Physician's Weekly Article - Hospital-Acquired Pneumonia: A Status Update

       In 2005, new guidelines were released to manage and prevent hospital-acquired pneumonia. Is progress being made in the battle against the infection?

      Hospital-acquired pneumonia (HAP) is the second most common nosocomial infection in ICU patients in the United States and is associated with high morbidity and costs. Studies have shown that the presence of HAP increases hospital lengths of stay by an average of 7 to 9 days per patient, producing an excess cost of more than $40,000 per patient. “Considering the profound incidence, morbidity, and mortality associated with HAP, this is one of the most important hospital-acquired infections, particularly for ICU patients,” says Michael S. Niederman, MD. “Compounding the problem is that there are several types of HAP, including ventilator-acquired pneumonia (VAP) and health-care–associated pneumonia (HCAP).
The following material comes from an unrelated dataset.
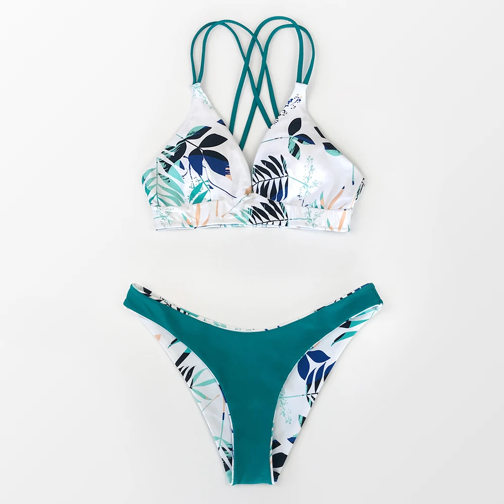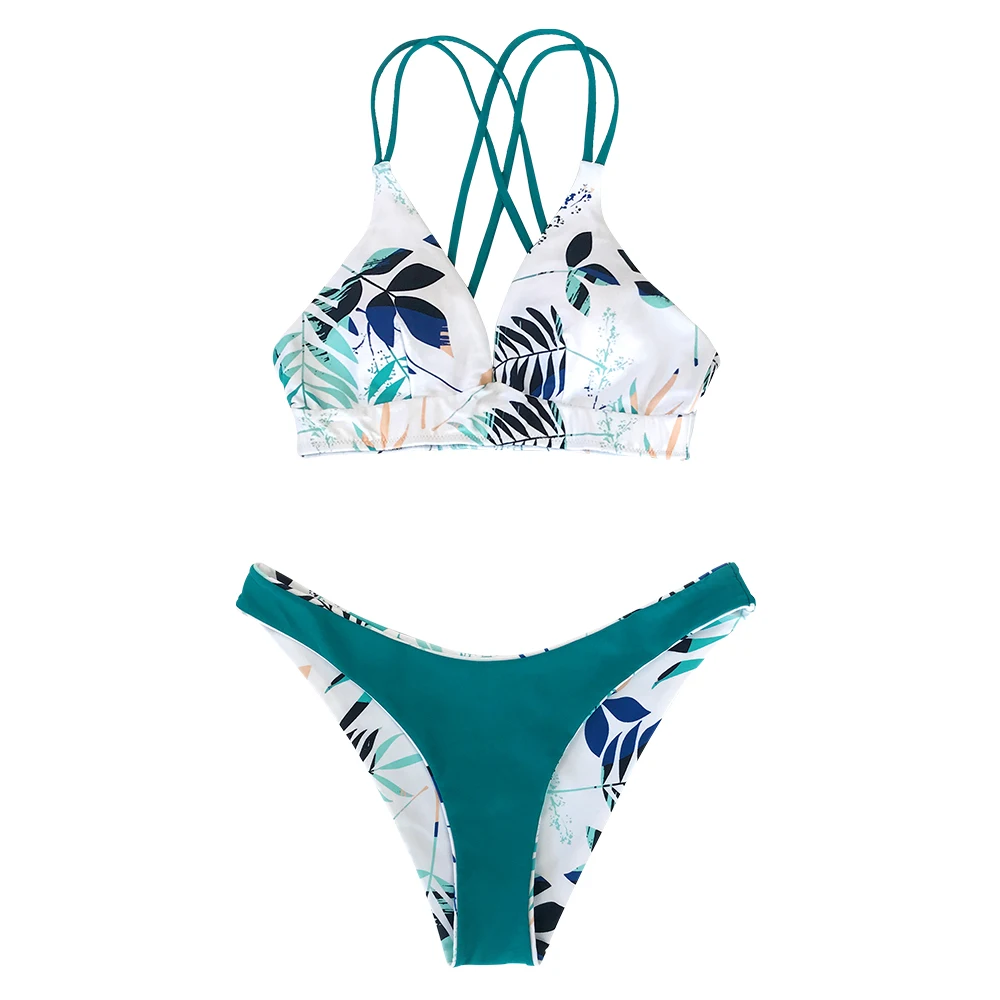 Милый и кокетливый! Наше двустороннее бикини с листьями и ремешками-это любимая модель. Топ бикини с двойными перекрещивающимися бретелями на спине. Подходящая нижняя часть бикини двусторонняя-одна сторона имеет принт с листьями, а другая однотонная бирюзовая. Смешайте и Сочетайте этот комплект бикини с листьями, чтобы создать свой собственный внешний вид!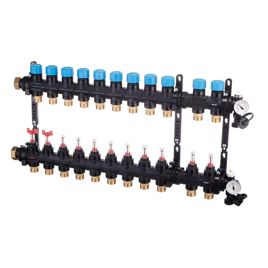 Коллекторная группа Henco (UFH-0605MDK11-03L) 1 ВР(г) х 11 выходов 3/4 НР(ш) ЕК х 1 ВР(г) с расходомерами композитная

Patients with HCAP can bring multi-drug resistant (MDR) pathogens with them when they arrive to the hospital.”

      In 2005, the American Thoracic Society (ATS) and the Infectious Disease Society of America (IDSA) published guidelines for the treatment of HAP, with special sections on VAP, HCAP, and nosocomial pneumonia in non-ventilated patients. The guidelines emphasized several therapeutic principles, including the need to use adequate initial antibiotic therapy for these infections (Table 1). “The guidelines highlight the importance of using an appropriate antibiotic to which the organism is sensitive,” Dr. Niederman says. “They also recommend using an antibiotic that penetrates the site of infection and one that’s used in the correct doses.”

      Resistance Issues Persist

      Since the publication of the 2005 ATS/IDSA guidelines, research has shown that MDR bacteria are becoming even more common causes of HAP. Of particular importance are Pseudomonas aeruginosa, Acinetobacter species, and Staphylococcus aureus. “These organisms are frequently antibiotic resistant,” Dr. Niederman notes, “and this resistance is not always anticipated by the treating physician. These same organisms are commonly treated with inappropriate empiric therapy, thereby adding to the mortality rates associated with HAP. If the wrong initial empiric therapy is chosen, the outcomes are not as good as when the most appropriate therapy is selected.”

      The 2005 ATS/IDSA guidelines for HAP focus on several key principles when treating the infection (Figure 1). “Prompt empiric antibiotic therapy, use of clinical and microbiologic data to narrow and focus therapy (when possible), and short durations of therapy are recommended for many patients,” says Dr. Niederman. “The key is to choose the right drug at the right dose for maximum efficacy. At the same time, a strong emphasis must be placed on de-escalation of antibiotics. After clinical and microbiologic data are returned, it’s critical to narrow the focus of therapies so that broad treatments are not used excessively for long periods of time.”

      Assessing Guideline Implementation

      Although outcomes data on the implementation of HAP guidelines in hospitals are scarce, Dr. Niederman says that many institutions are making strides toward improving their protocols. “Hospitals are increasingly becoming more aware of the importance of having a local antibiogram, which provides results of laboratory testing for the sensitivity of the commonly encountered bacteria to different antibiotics,” he says. “We’ve learned that tailoring empiric therapy for each patient can have a dramatic impact on outcomes. Hospitals are also gaining a greater understanding of the complexities of bacteriology and the need for initial broad-spectrum therapy to increase the likelihood of initially accurate and appropriate antibiotic therapy. As a result, many hospitals are developing better protocols for treating HAP. Furthermore, strategies for de-escalation and shorter durations of therapy within hospital protocols are becoming more common. The net result is that many of the guideline principles are being incorporated into practice.”

      Emerging Therapeutic Options

      According to Dr. Niederman, there remains a significant need for new drugs with activity against the organisms that are frequently antibiotic resistant. “For example, linezolid has emerged as a drug that targets methicillan-resistant Staphylococcus aureus (MRSA), and early studies suggest that telavancin may become an effective agent for this organism in the future. Tigecycline appears to have activity against Acinetobacter, but investigations on this agent have yet to determine the most appropriate dosing for critically ill and ventilated patients. Doripenem appears to be more active in vitro than other available carbapenems to treat Pseudomonas aeruginosa. Another agent being assessed is ceftobiprole, which may have the potential to treat both Pseudomonas aeruginosa and MRSA. The hope is that clinical trials will demonstrate that these agents can be added to the armamentarium of available drugs to improve outcomes in HAP.”

      Michael S. Niederman, MD, has disclosed to Physician’s Weekly that he has served as a consultant for Pfizer, Ortho-McNeil, Merck, Theravance, Wyeth, AstraZeneca, and Schering Plough. He has also worked as a paid speaker for Pfizer, Merck, and Schering Plough.